- Постой! - Александр остановил воеводу. - И я не о вере. Горек, но не страшен спор с греками, худшее зло грозит от латынян. Римский патриарх благословил крестовый поход на Новгород; римские попы трубят: хуже-де язычников русичи. Из-за Ладоги свей, из-за Пскова лыцари немецкие и датские тщатся на землю нашу. Союзные грамоты меж собой и римскими епискупами писали они. Ты, Ратмир, был в батюшкином походе на Омовжу. Били там лыцарей. По миру, который дан им, клялись лыцари в вечной дружбе с Русью. А нынче? Двух лет не минуло с той поры, как гостил на Новгороде магистр ливонский. Памятно и тебе и мне: просил он верить в дружбу, клялся на том, что ливонские меченосцы не помышляют о походе. Не о том ли он думал клянясь, чтобы завязать нам глаза? На словах - мир, а в делах - союз с свеями и датчанами противу Руси. Каждый час жду вести, что за Ладогой или за Псковом поруганы наши рубежи. Давнее зло таят на Русь латыняне. Недаром торговые люди из немецких и иных латинских городов не везут в Новгород ни железа, ни меди. Молвил я намедни гостям из Висби, везли бы к нам не сукна, не мальвазею, а железо и медь… В жар бросило гостей от тех слов. Ложь, сугубая ложь на устах латынян. Повсюду в западных землях неумельцами называют нас, о том лгут, что хуже мы варваров. Неумельцы! А за кольчужки, что наши мастера вяжут, и в Висби, и в Любеке, и у франков ни золота, ни серебра не жалеют. Наши хитрецы из своей руды железо варят; своими мечами и копьями обряжаем полки.
- Правду молвил ты, княже, - когда Александр умолк, сказал Ратмир. То, что он услышал сейчас, его взволновало и обрадовало. Таким вот, каким стоит сейчас перед ним Александр, Ратмир и хотел его видеть. - Не привыкли мы спиной встречать врага, - продолжал воевода. - Не забыли, чаю, и лыцари, остры ли наши мечи. Ныне скажу: будет поход - доведется ли в поле решать битву? Не станут ли наши полки перед городовыми стенами? А стены - хоть и дубовый острог - копьем не достанешь. Стенобитные пороки, кои камни мечут, нужны войску. О том и речь. Отыскал я, Александр Ярославич, на Новгороде умельцев порочного дела… Жирослав, да Андрей, да Петр с Холопьей улицы с Неревском искусны в стенобитном ремесле. Нынче хитрые мастера избы рубят. Вели, княже, не плотниками быть тем мастерам, а взяться за свое ремесло.
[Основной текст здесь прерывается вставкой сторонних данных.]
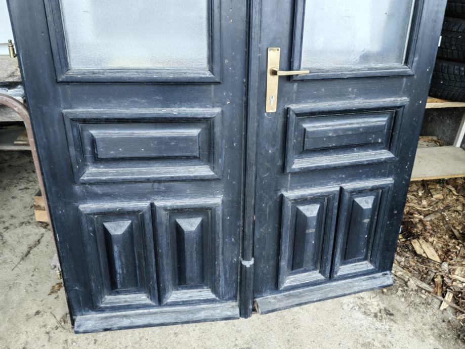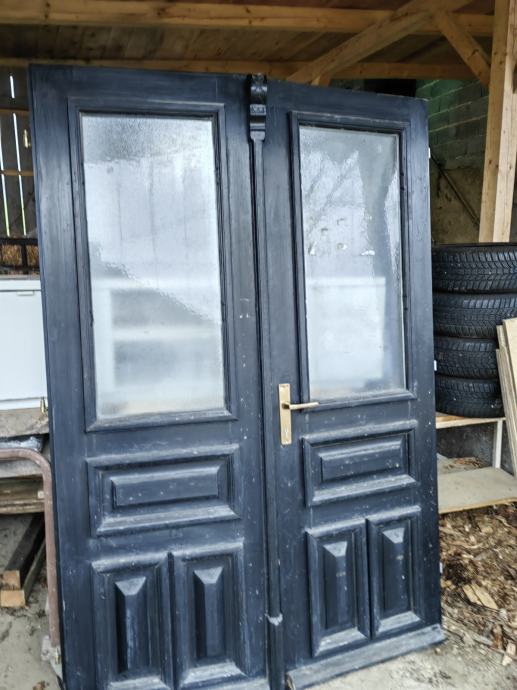 Dvokrilna vhodna vrata, macesen, starinski izgled , cele in napoškodovana, steklo termopan, brez podboja, cena 70€.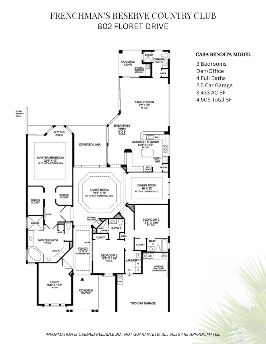 DescriptionYour serene garden home awaits. Fabulous value for a single family home located in the well located and highly sought after country club community of Frenchman's Reserve. This lovely inviting 3 bedroom + den/office and 4 full bath Casa Bendita model home features tranquil long lake & course view and is ready to become your very own. Completed with lovely signature finishes throughout this spectacular residence has been lightly lived in and lovingly maintained. The beautiful newly completed inviting pavered drive/entryway opens to wonderful pool, lake & course views all highlighted by captivating tropical landscaping. Delight in the scenic garden views from the primary suite and throughout the main living spaces. An absolutely perfect home for family gatherings and guests.

- Стены чужих городов собираешься рушить? - усмехнувшись и довольный тем, что услышал от воеводы, спросил Александр.
- Не диво, что и так, княже. И в старых походах брали русичи города.
- Не спорю, твоя воля, строй! Бери умельцев.
Александр взглянул на Ратмира и, как бы вспомнив о чем-то, тревожившем его, спросил:
- Свейское войско в земле Суми, близко от рубежей наших. Сторожи от моря какие шлют вести?
- Нет вестей, Александр Ярославич. И с Ладоги воевода Божин не шлет гонцов.
- Стар он, неповоротлив, досмотрит свеев, когда ладьи их подступят к Ладоге, - недовольно морщась, проворчал Александр. - Пелгусий, ижорский староста, которому писан указ стеречь путь с моря, давно не дает знать о себе.
Отъезд в Городище задержался, да и желание ехать исчезло. Набат затих, но ни владыка, ни посадник не дали вести на княжий двор о софийском вече. Ратмир надел шелом. Он готов был проститься с князем, чтобы, не откладывая, идти на Холопью, к Жирославу и его товарищам, но ему помешал боярин Федор Данилович.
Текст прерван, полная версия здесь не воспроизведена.